Hello, I replace your data augmentation function (RandomPadandCrop, RandomFlip) with pytorch augmenation function (RandomCrop, RandomHorizontalFlip). But the performance declines from 94% to 66%. My data augmantion code is as follow:

transform_train = transforms.Compose([ transforms.RandomCrop(32, padding=4), transforms.RandomHorizontalFlip(), transforms.ToTensor(), transforms.Normalize((0.4914, 0.4822, 0.4465), (0.2471, 0.2435, 0.2616)) ])

transform_val = transforms.Compose([ transforms.ToTensor(), transforms.Normalize((0.4914, 0.4822, 0.4465), (0.2471, 0.2435, 0.2616)) ])

To run the code, I modify the code of CIFAR10_labeled as follow:
`class CIFAR10_labeled(torchvision.datasets.CIFAR10):

def __init__(self, root, indexs=None, train=True,
             transform=None, target_transform=None,
             download=False):
    super(CIFAR10_labeled, self).__init__(root, train=train,
             transform=transform, target_transform=target_transform,
             download=download)
    if indexs is not None:
        self.data = self.data[indexs]
        self.targets = np.array(self.targets)[indexs]
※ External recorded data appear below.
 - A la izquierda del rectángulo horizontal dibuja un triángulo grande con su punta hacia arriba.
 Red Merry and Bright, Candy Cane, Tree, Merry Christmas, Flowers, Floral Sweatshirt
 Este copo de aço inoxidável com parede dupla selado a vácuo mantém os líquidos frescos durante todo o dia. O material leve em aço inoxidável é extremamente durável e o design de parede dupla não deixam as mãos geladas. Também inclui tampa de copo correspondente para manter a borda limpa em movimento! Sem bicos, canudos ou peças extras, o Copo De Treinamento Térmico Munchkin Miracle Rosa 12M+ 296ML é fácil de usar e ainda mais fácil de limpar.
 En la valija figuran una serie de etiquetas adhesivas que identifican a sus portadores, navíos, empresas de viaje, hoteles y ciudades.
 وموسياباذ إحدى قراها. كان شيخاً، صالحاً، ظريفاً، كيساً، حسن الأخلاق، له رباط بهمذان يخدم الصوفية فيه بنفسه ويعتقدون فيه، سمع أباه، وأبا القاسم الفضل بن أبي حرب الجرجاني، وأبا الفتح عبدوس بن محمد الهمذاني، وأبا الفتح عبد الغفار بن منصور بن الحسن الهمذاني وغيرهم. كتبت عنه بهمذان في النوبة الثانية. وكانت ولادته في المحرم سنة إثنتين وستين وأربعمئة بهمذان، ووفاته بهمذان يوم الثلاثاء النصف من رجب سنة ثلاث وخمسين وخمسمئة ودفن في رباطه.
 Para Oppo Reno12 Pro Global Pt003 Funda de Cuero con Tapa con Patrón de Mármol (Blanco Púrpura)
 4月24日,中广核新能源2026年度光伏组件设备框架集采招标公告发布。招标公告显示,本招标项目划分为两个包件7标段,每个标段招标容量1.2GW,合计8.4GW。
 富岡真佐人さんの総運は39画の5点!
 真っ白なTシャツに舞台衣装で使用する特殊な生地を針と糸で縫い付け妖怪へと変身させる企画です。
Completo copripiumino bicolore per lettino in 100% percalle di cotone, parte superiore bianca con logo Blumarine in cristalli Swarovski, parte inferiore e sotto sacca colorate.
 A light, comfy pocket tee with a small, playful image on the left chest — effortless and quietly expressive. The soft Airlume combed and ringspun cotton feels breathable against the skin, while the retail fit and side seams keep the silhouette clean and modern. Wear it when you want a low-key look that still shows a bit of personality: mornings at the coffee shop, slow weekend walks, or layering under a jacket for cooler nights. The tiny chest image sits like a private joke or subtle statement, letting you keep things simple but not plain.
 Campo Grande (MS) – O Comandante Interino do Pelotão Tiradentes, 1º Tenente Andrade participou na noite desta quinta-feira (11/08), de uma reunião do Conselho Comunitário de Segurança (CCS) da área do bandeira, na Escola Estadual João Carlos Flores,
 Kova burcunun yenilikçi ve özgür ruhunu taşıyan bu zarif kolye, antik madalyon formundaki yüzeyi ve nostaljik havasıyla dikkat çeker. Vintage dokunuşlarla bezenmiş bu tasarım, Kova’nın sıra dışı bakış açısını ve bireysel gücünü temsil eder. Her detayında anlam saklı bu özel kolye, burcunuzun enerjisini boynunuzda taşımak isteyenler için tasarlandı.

    # self.data = transpose(normalise(self.data))
    self.data = np.vstack(self.data).reshape(-1, 3, 32, 32)
    # pdb.set_trace()

    self.data = self.data.transpose((0, 2, 3, 1))  # convert to HWC
    # pdb.set_trace()

def __getitem__(self, index):
    """
    Args:
        index (int): Index

    Returns:
        tuple: (image, target) where target is index of the target class.
    """
    img, target = self.data[index], self.targets[index]
    # pdb.set_trace()
    img = Image.fromarray(img)

    if self.transform is not None:
        img = self.transform(img)

    if self.target_transform is not None:
        target = self.target_transform(target)

    return img, target`

It is very strange ! In theory, the implments (your function and pytorch aug fuinction) of the augmentation are the same. But a substantial performance gap becomes apparent.

Hi! Recently, I try to adapt this code for Clothing1M dataset and I carefully check its data augmentation.

It seems that if you use official pytorch augmentation function, these lines of code is not necessary:
self.data = np.vstack(self.data).reshape(-1, 3, 32, 32)
self.data = self.data.transpose((0, 2, 3, 1)) # convert to HWC

And this implementation of MixMatch

  1. first using normalize and transpose ( change a PIL picture to a tensor picture) then pad and crop,
    although the implementation is correct, but is different to official pytorch augmentation( usually first pad and crop then transpose to a tensor picture and normalize)
  2. this implementation using padding(mode = reflect), may be you need to change the default padding_mode in official pytorch augmentation
    torchvision.transforms.RandomCrop(size, padding=None, pad_if_needed=False, fill=0, padding_mode='constant')

I've setup this up here. It's not tested for the full training time, but after 100 epochs and for 250 labelled examples I get the same score +- 0.5%

@guixianjin
for Clothing1M, did you train with mutiple gpus?